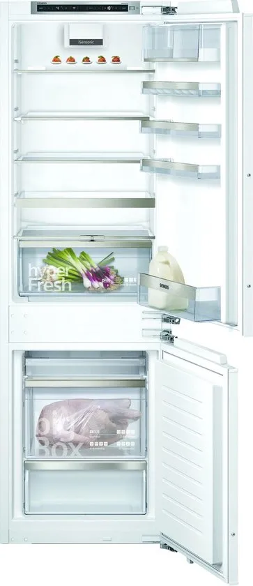 Met deze moderne Siemens KG39NAXCF koel-vriescombinatie kan je je producten optimaal bewaren. De hyperFresh 0°C lade biedt namelijk de beste vochtigheid en temperatuur voor vlees en vis en dankzij de gescheiden temperatuurregeling is er geen onderlinge geuroverdracht. Bewaar flessen of het flessenrooster en breng producten snel op gewenste temperatuur door middel van superVriezen of superKoelen. Ontdooien is bijna nooit meer nodig dankzij het NoFrost systeem en voor nog meer gemak is de koelvriescombinatie ook te verbinden met de Home Connect app.
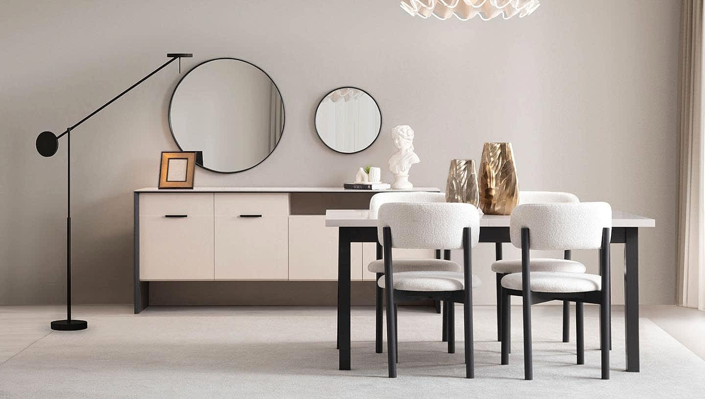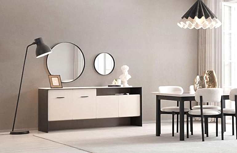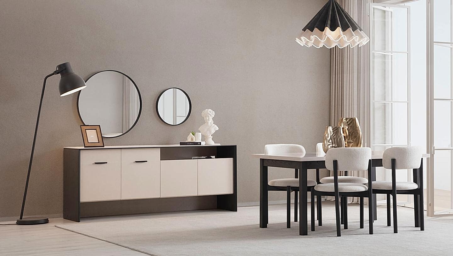 YEMEK ODASI TAKIMI: Konsol ,konsol aynası, yemek masası ve 4 adet nora sandalyelidir.
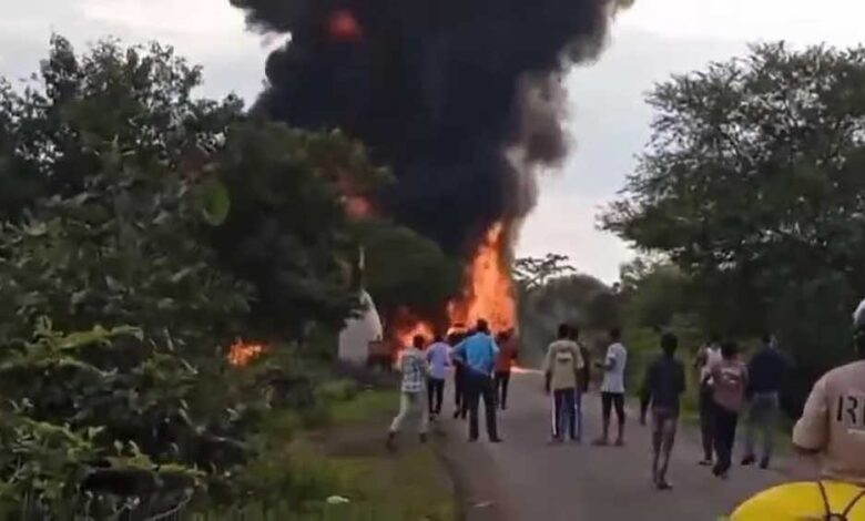 अनियंत्रित टैंकर पलटा, आग और धमाके से मचा हाहाकार
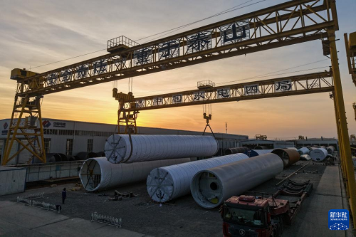 11月20日,在甘肅省酒泉經(jīng)濟技術(shù)開發(fā)區(qū)的中國水電四局(酒泉)新能源裝備有限公司裝運生產(chǎn)線上,工作人員進行風機塔筒吊裝作業(yè)(無人機照片)。(新華社記者 郎兵兵 攝)
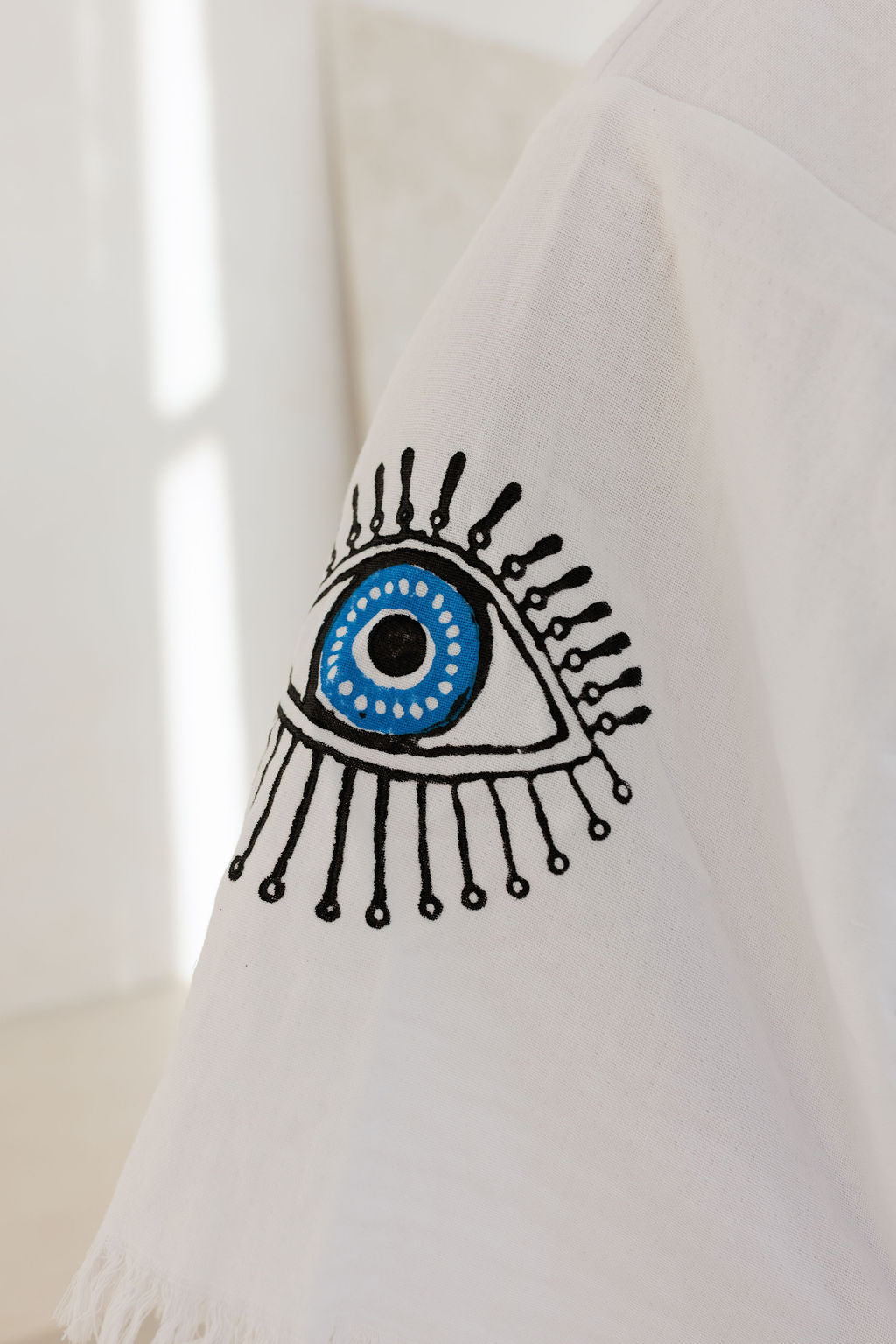 Crafted in crisp white and finished with our signature sun-face print, it sits at a flattering 100cm length for a relaxed, easy fit.
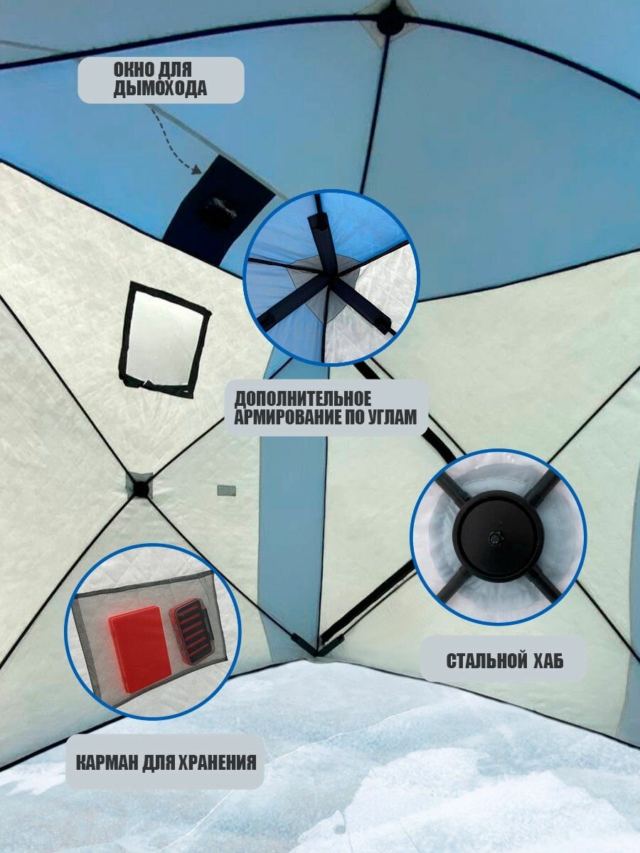 | Особенности | 1 комната / вентиляционные отверстия / ветрозащитная/снегозащитная юбка / внутренние карманы / окна / проклеенные швы / усиленные углы |

*-*-*

-- GOAL OF THE EXERCISE --
With the images removed, give back every entry exactly as shown.

-- REPLY --
 Met deze moderne Siemens KG39NAXCF koel-vriescombinatie kan je je producten optimaal bewaren. De hyperFresh 0°C lade biedt namelijk de beste vochtigheid en temperatuur voor vlees en vis en dankzij de gescheiden temperatuurregeling is er geen onderlinge geuroverdracht. Bewaar flessen of het flessenrooster en breng producten snel op gewenste temperatuur door middel van superVriezen of superKoelen. Ontdooien is bijna nooit meer nodig dankzij het NoFrost systeem en voor nog meer gemak is de koelvriescombinatie ook te verbinden met de Home Connect app.
 YEMEK ODASI TAKIMI: Konsol ,konsol aynası, yemek masası ve 4 adet nora sandalyelidir.
 अनियंत्रित टैंकर पलटा, आग और धमाके से मचा हाहाकार
 11月20日,在甘肅省酒泉經(jīng)濟技術(shù)開發(fā)區(qū)的中國水電四局(酒泉)新能源裝備有限公司裝運生產(chǎn)線上,工作人員進行風機塔筒吊裝作業(yè)(無人機照片)。(新華社記者 郎兵兵 攝)
 Crafted in crisp white and finished with our signature sun-face print, it sits at a flattering 100cm length for a relaxed, easy fit.
 | Особенности | 1 комната / вентиляционные отверстия / ветрозащитная/снегозащитная юбка / внутренние карманы / окна / проклеенные швы / усиленные углы |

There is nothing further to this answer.